Protein gel casting

The recipes and procedures on this page were originally posted here.

Required stock solutions

  • 40% Acrylamide stock solution: Solution of monomers for gel polymerization.

    We find it cheaper to buy premixed 40% stock solution, with a acrylamide:bis-acrylamide ratio of 29:1 (3.3%). Stocks with a 37.5:1 ratio also work, and are typically used for resolving larger proteins.

  • 3x bis-Tris gel buffer: Ion buffer used in gel casting.

    Component

    Concentration

    g/L to final concentration

    bis-Tris

    1 M

    209.242

    HCl

    Add to pH 6.5-6.8

  • 10% APS: One of the polymerization initiators. Only a small quantity needs to be prepared; each gel only requires 25 uL.

    Component

    Concentration

    g/L to final concentration

    Ammonium persulfate

    10%

    100

Casting protocol

Warning

The acrylamide monomers used here are toxic. Read the SDS.

Perform polymerization steps with a lab coat in a fume hood, and collect rinse waste in a waste container.

  1. Prepare 1X resolving and stacking buffers. These buffers can be stored in the refrigerator for several weeks. Recipes given here for enough for 2 0.75mm gels.

    Resolving buffer: ~3 mL per gel (6.5 mL total):

    Component

    Volume

    Final concentration

    3x bis-Tris gel buffer

    2.2 mL

    1x

    40% Acrylamide stock

    1.3 mL

    8%

    DI water

    3 mL

    Stacking buffer: ~1.2 mL per gel (2.5 mL total):

    Component

    Volume

    Final concentration

    3x bis-Tris gel buffer

    0.83 mL

    1x

    40% Acrylamide stock

    0.32 mL

    5%

    DI water

    1.36 mL

    Bromophenol blue

    50 uL

    (enough to give color)

Gel casting setup

In-lab, we have the ability to cast two gels simultaneous; this is recommended even if you only need one, so that you have a backup in case of pouring mishaps. Our gel runner also requires two poured gels to properly seal.

Gels can be stored in zip-lock bags in the fridge for at least several days.

  1. Locate two 0.75mm spacer plates and two short glass plates.

  2. Use ethanol and a Kimwipe to clean both glass surfaces.

  3. Assemble them in the green alignment device.

  4. Lock the two gels into the transparent gel pouring device.

Resolving gel

  1. Measure 6.5 mL of 1x resolving buffer per gel to pour.

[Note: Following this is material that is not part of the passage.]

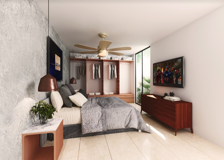 • Recamara , con área de closet con estructura y cajoneras, hamaqueros, baños completos, meseta de mármol

  2. Add 50 uL of 10% APS per gel, mix well.

  3. Add 20 uL TEMED, mixing quickly. Pour both gels to the resolving gel height (3 mL per gel). Lightly tap and tilt the gel to remove any bubbles.

  4. Once done pouring, quickly but carefully fill the remaining height with water, making sure the gel-water interface stays undisturbed.

  5. Wait for the polymerization reaction to finish (noticeable by a change in refractive index).

  6. Drain the water by tilting the gel past 90 degrees, and wicking away with a Kimwipe.

Stacking gel

  1. Measure 2.5 mL of 1x stacking buffer to pour.

  2. Add 20 uL of 10% APS, mix well.

  3. Add 10 uL TEMED, mixing quickly. Fill the top of the gels until just before overflowing. Insert the comb into the top, letting it rest on the spacers.

  4. Wait for the stacking gel to polymerize.

  5. Rinse with water to remove unpolymerized acrylamide.

  6. If removing the combs prior to storage, slowly remove the comb, ensuring that wells are not broken.